The command attach comes in very handy as we can use it to extract the columns (with their names) from any object of the class data.frame.

attach(Cars93)

We will begin by focusing on the variables Price (as a potential response variable) and the variable Horsepower (as a potential covariate). We can initially have a look at the corresponding scatterplot and superimpose on top the regression line obtained from the R function lm. We can also calculate the sample correlation estimate using cor.

plot(Horsepower, Price, col = 2, bty = 'l', pch = 16)
linear.model = lm(Price ~ Horsepower, data = Cars93)
abline(linear.model, col='blue')

cor(Horsepower, Price)

## [1] 0.7872511

2 Using the `boot` package for non-regression analysis (continued)

We have already seen at the end of Practical 1 that one can use the boot R package for basic bootstrap analysis. Let’s revisit this, focusing on the correlation between Price and Horsepower. Initially, we load the library and then we define an appropriate function for calculating correlation which will be used as input to boot.

library(boot)
boot.cor.f <- function(y, x, data, indices){
  dt<-data[indices,]
  r = cor(dt[,y], dt[,x])
  r
}

Above data is a data frame, while y and x correspond to columns of this data frame. Note that above we do not include an additional argument for the type of correlation, so we use the default type in cor which is Pearson’s correlation coefficient. So, dt<-data[indices,] defines a resampled (row-wise) matrix of data. Therefore, cor(dt[,y], dt[,x]) is the more appropriate code getting the columns that we want. However, as R code becomes more and more flexible and adjustable we can also use the below code without commas in cor(dt[,y], dt[,x]):

boot.cor.f <- function(y, x, data, indices){
  dt<-data[indices,]
  r = cor(dt[y], dt[x])
  r
}

Recall, we can use names to check again the column names of our data frame just to be sure. Then, we use boot in combination with our function boot.cor.f.
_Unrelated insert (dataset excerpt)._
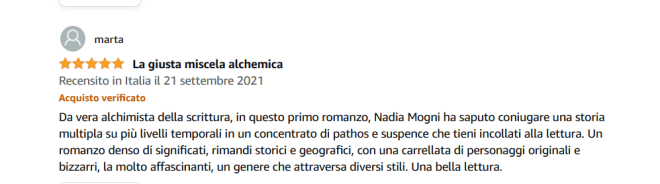 Ringrazio Marta, lettrice sconosciuta, che ci ha dato fiducia acquistando il libro e scrivendo la sua recensione.

Below we use 5000 bootstrap replications.

names(Cars93)

##  [1] "Manufacturer"       "Model"              "Type"              
##  [4] "Min.Price"          "Price"              "Max.Price"         
##  [7] "MPG.city"           "MPG.highway"        "AirBags"           
## [10] "DriveTrain"         "Cylinders"          "EngineSize"        
## [13] "Horsepower"         "RPM"                "Rev.per.mile"      
## [16] "Man.trans.avail"    "Fuel.tank.capacity" "Passengers"        
## [19] "Length"             "Wheelbase"          "Width"             
## [22] "Turn.circle"        "Rear.seat.room"     "Luggage.room"      
## [25] "Weight"             "Origin"             "Make"

set.seed(1)
bootstrap.cor = boot(y = 'Price', x ='Horsepower', data = Cars93,
                     statistic = boot.cor.f, R=5000)
head(bootstrap.cor$t, n = 10)

##            [,1]
##  [1,] 0.7516637
##  [2,] 0.7725906
##  [3,] 0.8158606
##  [4,] 0.8570860
##  [5,] 0.8637691
##  [6,] 0.7187499
##  [7,] 0.7223043
##  [8,] 0.7909135
##  [9,] 0.7535251
## [10,] 0.7400386

bootstrap.cor

## 
## ORDINARY NONPARAMETRIC BOOTSTRAP
## 
## 
## Call:
## boot(data = Cars93, statistic = boot.cor.f, R = 5000, y = "Price", 
##     x = "Horsepower")
## 
## 
## Bootstrap Statistics :
##      original      bias    std. error
## t1* 0.7872511 0.004906231  0.04708936

plot(bootstrap.cor)

As we have seen, for confidence intervals we can use boot.ci (type ?boot.ci for help) as follows

boot.ci(bootstrap.cor, conf = 0.95)

## Warning in boot.ci(bootstrap.cor, conf = 0.95): bootstrap variances needed for
## studentized intervals

## BOOTSTRAP CONFIDENCE INTERVAL CALCULATIONS
## Based on 5000 bootstrap replicates
## 
## CALL : 
## boot.ci(boot.out = bootstrap.cor, conf = 0.95)
## 
## Intervals : 
## Level      Normal              Basic         
## 95%   ( 0.6901,  0.8746 )   ( 0.6960,  0.8791 )  
## 
## Level     Percentile            BCa          
## 95%   ( 0.6954,  0.8785 )   ( 0.6752,  0.8663 )  
## Calculations and Intervals on Original Scale

We get the four bootstrap confidence intervals explained in Practical 1, but again we get a warning message for the “studentized intervals” (these correspond to the bootstrap-$t$ intervals in the lectures notes in Section 4.4). To get those we need to work a bit harder and define this function which implements nested bootstrap:

boot.cor.nested.f <- function(y, x, data,indices, iter){
  dt<-data[indices,]
  r = cor(dt[y], dt[x])
  
  nested = boot(
  data = data,
  y = y,
  x = x,
  R = iter,
  statistic = boot.cor.f
  )
  v = var(nested$t, na.rm = TRUE)
  c(r,v)
}

Note that, the argument iter (corresponding to bootstrap samples of correlations!) is for the boot nested loop which calls upon our previously defined function boot.cor.f. Without going into too much detail about the above function we can now re-run boot using statistic = boot.cor.nested.f (below with 1000 outer bootstrap replications and 100 inner bootstrap replications) and obtain all five confidence intervals.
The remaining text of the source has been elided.